Integrated respiratory palliative care service works well for patients with advanced lung disease

An Australian model of care that provides palliative and respiratory specialist services for people living with advanced lung disease has achieved a reduction in acute hospitalisation rates and lower-cost management.

Melbourne’s St Vincent’s Hospital has developed an integrated specialist physician outpatient and in-home care service, overcoming the significant barriers for attendance for this cohort of patients.

In a study published in Australian Health Review, the three-year pilot of home visits or outpatient clinic services reported overall cost savings compared to standard care.

“This study builds the evidence base for the benefits of integrated respiratory and palliative care for patients with advanced lung disease,” the researchers said.

“Providing integrated palliative care within respiratory clinics can help overcome some barriers to palliative care referral, as palliative care concepts such as symptom management and advance care planning (ACP), are discussed alongside routine disease-orientated care.”

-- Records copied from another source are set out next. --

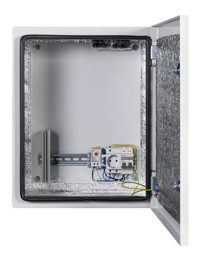 В комплекте: утеплитель из порилекса, замок 2 шт,ключ 1 шт, монтажная плата 1 шт, гермовводы 2 шт (MG-25), розетка 1 шт, автоматический выключатель, 6А 1 шт, клемма для подключения оборудования 2 шт, клемма заземления 1 шт, термореле 1 шт, нагреватель мощностью 75 Вт 1 шт.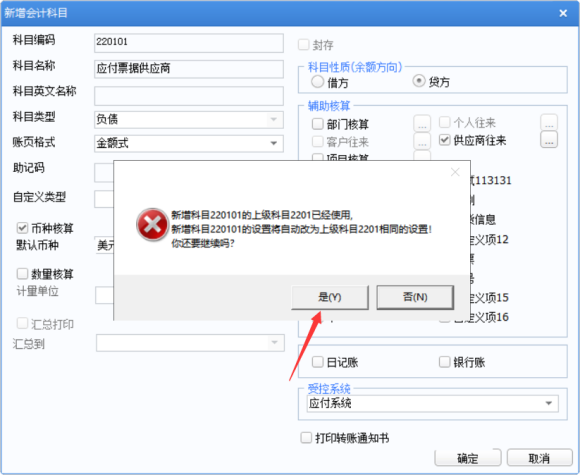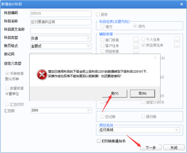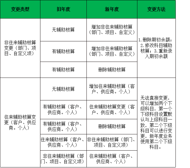 科目涉及往來類輔助核算,無法直接變更,可以增加兩個下級科目,第一個下級科目設(shè)置默認(rèn)與上級科目一致,第二個下級科目可以進行變更,新年度業(yè)務(wù)使用第二個下級科目。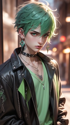 CG,solo, jewelry, jacket, green hair, earrings, necklace, male focus, looking at viewer, 1boy, piercing, upper body, short hair, shirt, black jacket, tattoo, ear piercing, leather, leather jacket, collar, chain, neck tattoo, closed mouth, open clothes, green shirt, bangs, open jacket, green eyes, chain necklace, choker, lips, eyelashes, messy hair, realistic, makeup, spikes

Lead author Dr Julie McDonald, who is both a respiratory and palliative care specialist, said while this model was specifically for patients with advanced lung disease, integrated palliative care and chronic disease care could provide effective and cost-effective support.

“The main thing that is consistent between all the models is providing those three core components of integrated palliative care, symptom control focus, advanced care planning focus, and also that disease-orientated care focus,” she told the limbic. “If you just had palliative care, perhaps palliative care wouldn’t perhaps quite know what to do with some aspects of the disease, such as inhaler changes or action plans.

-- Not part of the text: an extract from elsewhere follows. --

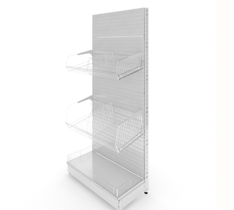 На стеллаже корзинки находятся под небольшим углом, это позволяет покупателю видеть весь ассортимент по высоте стеллажа. Актуален такой стеллаж практически в любом магазине – аксессуары, канцелярия, инструменты, игрушки, продукты в фасовке, мелкая техника… да практически что угодно можно выложить в корзины. Подойдет для кросс-мерчендайзинга.

“Not every patient needs to be referred to specialist palliative care. There just needs to be time, space and interest within the respiratory review to do it,” she added.

In the research, conducted between April 2017 and April 2019, 51 patients received 59 home visits, while between July 2018 and July 2020, 58 patients had 206 reviews at outpatient clinics. Nineteen patients moved between the groups during 2020.

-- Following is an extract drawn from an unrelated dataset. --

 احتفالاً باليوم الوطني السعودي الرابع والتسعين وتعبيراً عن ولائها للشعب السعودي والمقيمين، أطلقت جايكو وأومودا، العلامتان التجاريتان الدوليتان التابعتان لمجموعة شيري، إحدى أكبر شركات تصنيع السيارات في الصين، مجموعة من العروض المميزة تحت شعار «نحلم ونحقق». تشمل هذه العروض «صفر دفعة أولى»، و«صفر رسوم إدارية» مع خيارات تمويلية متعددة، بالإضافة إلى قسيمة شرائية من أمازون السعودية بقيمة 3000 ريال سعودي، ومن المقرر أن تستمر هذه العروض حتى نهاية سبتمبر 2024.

The predominant diagnosis among the groups was COPD, and there were many comorbidities. The mean age was 75 years.

The home visits were generally one-off visits, but two out of three (63%) were referred on for follow ups at the outpatient clinic but only about one in two completed those appointments (47%).

Reviews were personalised to the needs of the patient, with 81% of people who had home visits receiving disease-specific action plan, 68% a breathlessness action plan, 78% advance care planning and medical rationalisation. For those who attended the outpatient clinic, fewer received advance care planning (51%), a disease-specific action plan (53%) or a breathlessness action plan (60%).

Hospital admissions in the subsequent 90 days were assessed. The total hospital admissions reduced 51% in the home visit group and 46% in the outpatient clinic cohort. Total bed days decreased 29% for the home visit group and 60% for the outpatient clinic.

This combined to create cost savings of 3.5% in hospital costs for the home visit group in the 90 days before or after the physician review, totalling $18,579. For the outpatient clinic group, costs fell by 23%, with a total savings of $109,149.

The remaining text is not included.